In England the Crown and the ruling classes feared the effects of the French Revolution from the beginning. But English liberals and radi­cals, who themselves had been calling for the democratization of English society, saw in the early stages of the French Revolution—in the Declaration of the Rights of Man and in the storming of the Bas­tille on July 14, 1789, to release imprisoned political prisoners —a triumph of popular democracy. Among the enthusiastic supporters of the Revolution in its early stages were writers who would play a central role in English Romanticism. Wordsworth visited France during the summer of 1790 and was filled with hope and excitement as the country celebrated the first anniversary)of the fall of the Bas­tille. William Godwin (1756-1836), a philosopher and novelist who exerted considerable influence on Wordsworth, Shelley, and other Romantic poets, predicted in An Enquiry Concerning Political Jus­tice (1793) a peaceful version in England of what appeared to be hap­pening in France. In The Spirit of the Age, Hazlitt said that the French Revolution seemed at first to announce that "a new impulse had been given to men's minds."
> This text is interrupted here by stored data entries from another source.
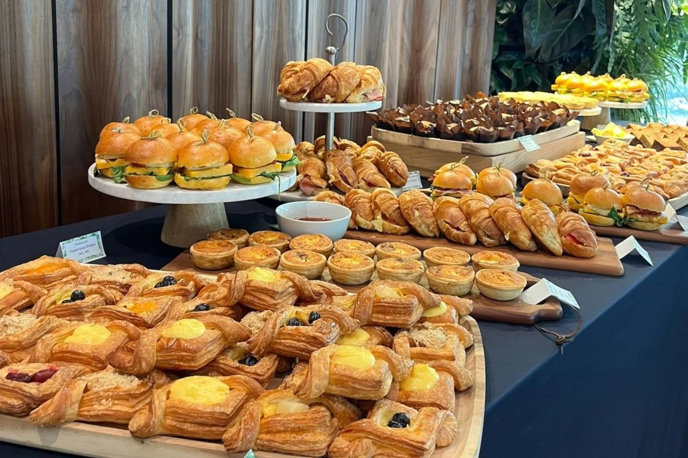 Customise your orders with a selection of breakfast, lunch, and afternoon tea items. Start the day with seasonal granola or bircher cups, egg wraps and sliders, fresh danish, or savoury mini croissants, paired with filter coffee, sparkling water, or juice.
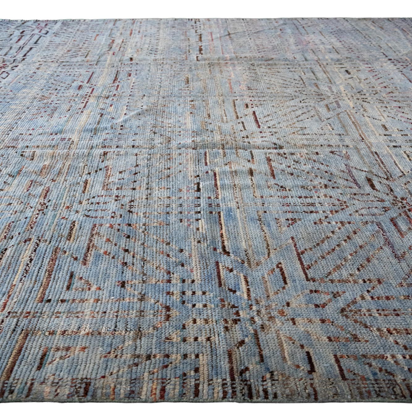 A large 12x16 rectangular blue wool shag rug featuring a distressed modern tribal pattern with subtle vintage oriental motifs.
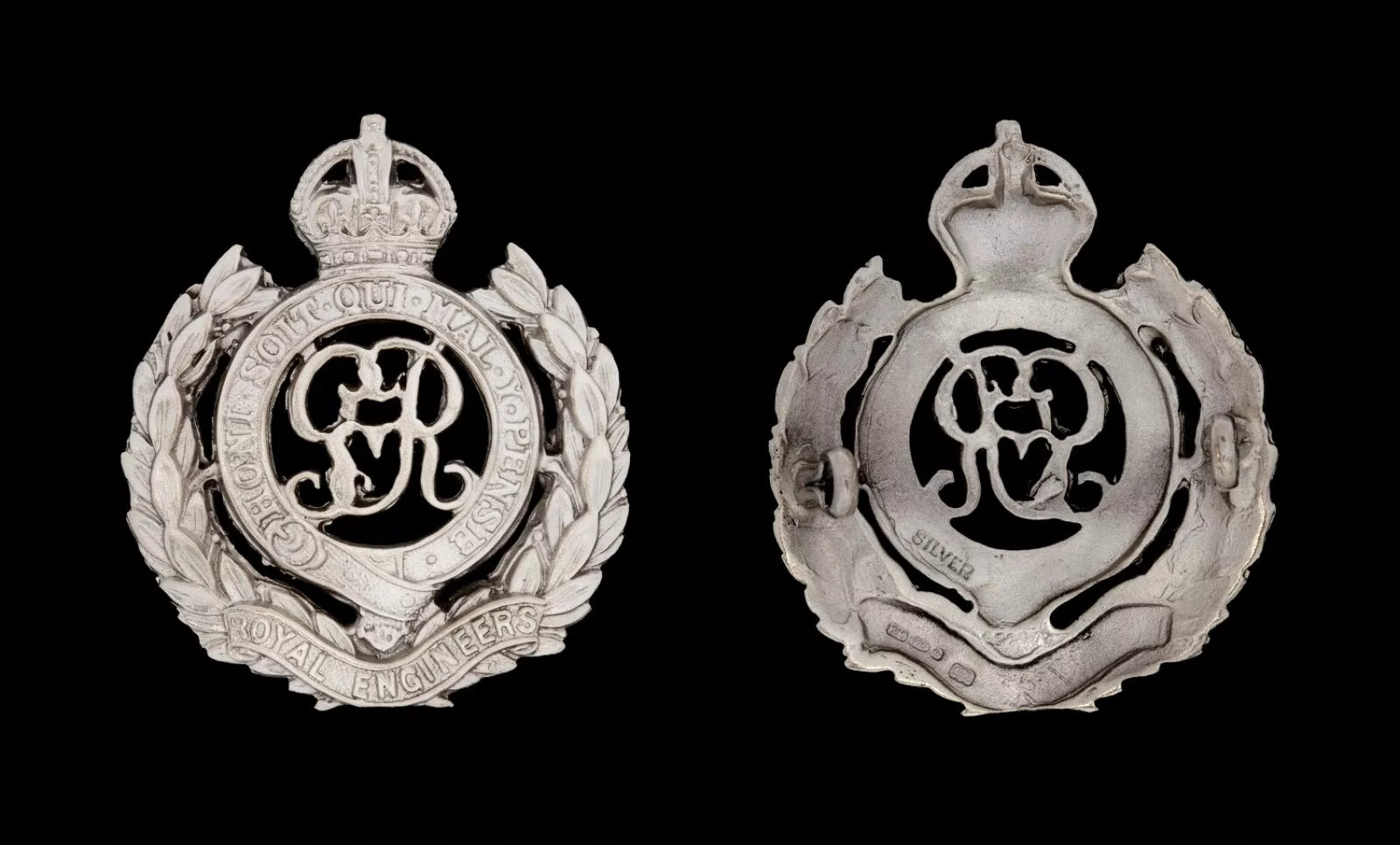 Royal Engineers GVR Cap Badge Hallmarked Silver
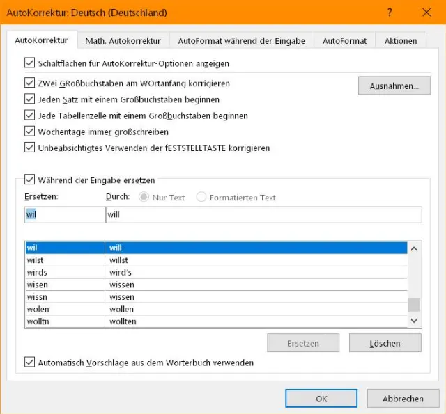 Quelle: PCtipp.ch«Wil» wird zu «will»: Es gibt in der Schweiz mindestens zwei Ortschaften namens «Wil». Word weiss das nicht und ersetzt die Zeichenfolge «Wil» hartnäckig durch «will». Das ist zum Glück nur ein AutoKorrektur-Eintrag. Öffnen Sie Datei/Optionen/Dokumentprüfung und klicken Sie auf AutoKorrektur-Optionen. Gleich im Reiter AutoKorrektur finden Sie unten eine Liste mit Wörtern, die Word ohne Rückfrage draufloskorrigiert. Scrollen Sie fast ganz herunter, bis Sie zum Eintrag «wil/will» stossen. Klicken Sie ihn an, gefolgt von Löschen.
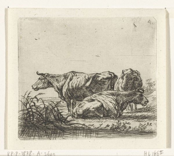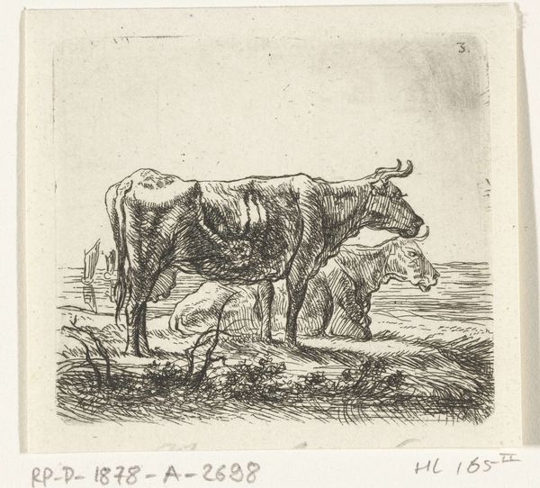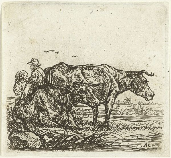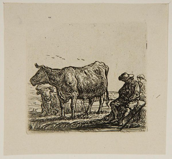 Editor: Here we have "Two Cows with a Shepherd and a Child," a print etched by Ernst Willem Jan Bagelaar in 1814. It has a very…sketchbook-like feel. Informal and kind of charming. What strikes you most about it? Curator: Isn’t it interesting how a simple scene, almost pastoral, can evoke such quiet reflection? For me, it's the stillness Bagelaar captures. The cows, ruminating – perhaps literally, perhaps metaphorically. What do you make of the figures nestled beside them? Almost like they're seeking shelter in the cows' presence, or perhaps just sharing a moment of shared serenity? Editor: It's interesting you mention that because to me it speaks of that time when people lived so much closer to nature than many of us do today, it reminds me of stories my grandparents would tell me of a slower more gentle time. There is so much storytelling in the simplicity. Curator: Exactly! And that simplicity belies the complexity of feeling, doesn't it? I see a yearning for a connection with the land. And perhaps a longing for a simpler existence. There's an echo of Romanticism here, a seeking of solace in the natural world – almost as if nature holds answers we’ve forgotten to ask. Do you think the artist is perhaps telling us that the sacred can be found in the mundane, that profundity can be observed, experienced with Cows even in a basic drawing. Editor: Absolutely! I also see that in the intimacy of the artist who allows the observer into his sketch. As if a peak into his most private and gentle memories. The lines, raw yet elegant and not overly stylized. Curator: Raw elegance – I love that! It encapsulates so much. A memory held gently in the artist's hand, etched onto a plate, and gifted to us across the years. Thanks, this was very beautiful and enlightening. Editor: My pleasure. The experience to me was the best.
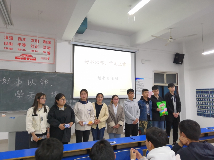在4月23日“世界读书日”到来之际,为使大学生养成良好的阅读习惯,帮助大学生提高人文素养,使大学生自觉践行习近平新时代中国特色社会主义思想,4月10日晚6点50,水产学院在1教A105举办了“与书香久别重逢”读书月系列活动。参加此次活动的评委有水产学院辅导员李建玲及学生会干部,本次的比赛由18级原嘉城、孙俊同学主持,18级全体学生参加此次演讲比赛。
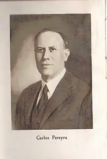 Carlos Hilario Pereyra Gómez (Saltillo, Coahuila 1871 – Madrid, Spain 1942) was a Mexican lawyer, diplomat, writer and historian. His background was highly influenced by late 19th century Positivism, so this influence is denoted in his works. He was also a Hispanist, defender of the historical and cultural legacy of Spain in Spanish America and critic of the American Interventionism policy in Latin America.
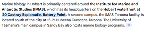 Hobart, or Launceston? For some reason I thought the marine biology course is up north. May be mistaken.
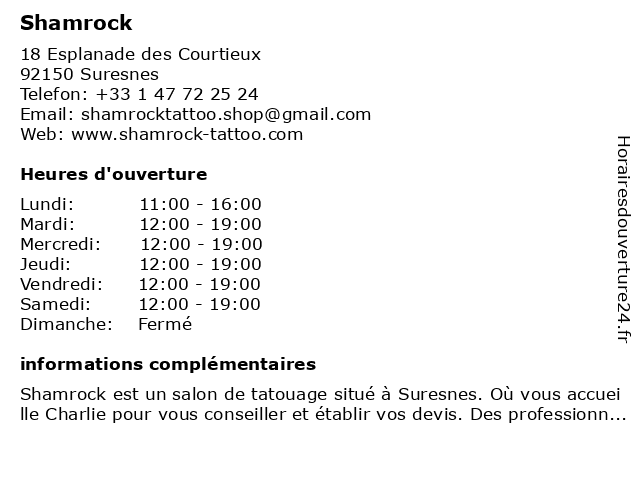 Shamrock est un salon de tatouage situé à Suresnes. Où vous accueille Charlie pour vous conseiller et établir vos devis. Des professionnels qui créent sur-mesure tous vos tatouages des plus sa...
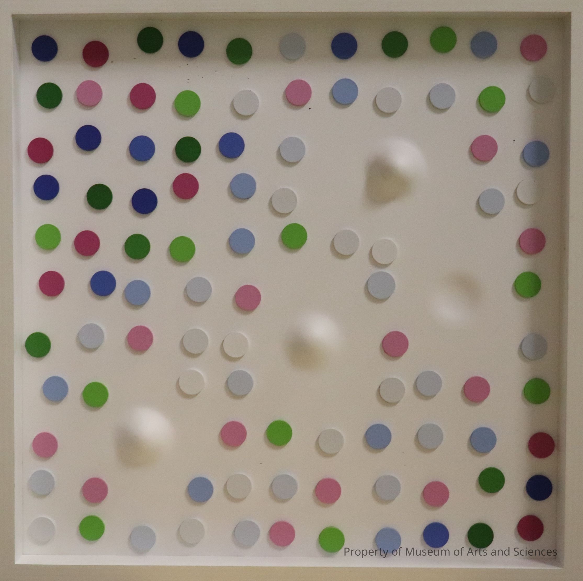 White plastic-like ground with 1 indentation , 3 protrusions and many colorful dots applied. White frame.Artwork Details
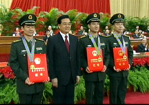 胡錦濤為翟志剛、劉伯明、景海鵬頒發(fā)獎章和證書

But the promise and expectation aroused by the early years of the Revolution in France soon gave way to bitter disappointment as events took an increasingly violent and repressive course. When rev­olutionary extremists gained control of the government in 1792, they executed hundreds of the imprisoned nobility in what came to be known as the "September Massacres." The year 1793 saw the ex­ecution of King Louis XVI and the 'establishment under Robespierre of the Reign of Terror, during which thousands of those associated with the old regime were guillotined. Most disturbing of all, per­haps, was the invasion of the Rhineland and the Netherlands by the army of the French Republic, and the French offer of armed assist­ance to all countries desiring to overthrow their present govern­ments. Then, after savage reprisals against those who had held power during the Reign of Terror, Napoleon emerged as dictator, and eventually as emperor of France. Once a champion of the Revo­lution, Napoleon became a tyrannical despot who strove to conquer Europe and establish a new dynasty.

The reaction in England to these events in France was predictable. Even the most ardent supporters of the Revolution were left in disillusionment and despair. As Wordsworth expressed it in his greatest poem, The Prelude:

Frenchmen had changed a war of self-defense

For one of conquest, losing sight of all

Which they had struggled for ....

As for the government and the ruling classes, their fear of the Revo­lution was hardened into severe repressive measures at home against all those who sympathized with democratic ideals or reform, and into determined military opposition abroad against Napoleon's imperial army. (His navy had been destroyed by Lord Nelson at the Battle of Trafalgar in 1805.) Although emperor, with unlimited powers, Napoleon was in some respects still a man of the French Revolution, inheriting some of its liberating ideas, which were al­ready triumphant in America. The Whigs in Britain recognized this fact and were in favor of trying to come to terms with Napoleon. But the Tories, who saw in him a threat to their political and social sys­tem, carried the country. The final defeat of Napoleon in 1815 at the Battle of Waterloo was cause for triumphant celebration by the con­servative forces that ruled England during these years. But for some of the disillusioned English, such as Shelley and Byron, who had sympathized with the ideals of the French Revolution, Waterloo marked the defeat of one despotic power by another. Far from show­ing the way to democratic progress and reform, the French Revolu­tion seemed to them to have consolidated the power of the wealthy and reactionary ruling classes.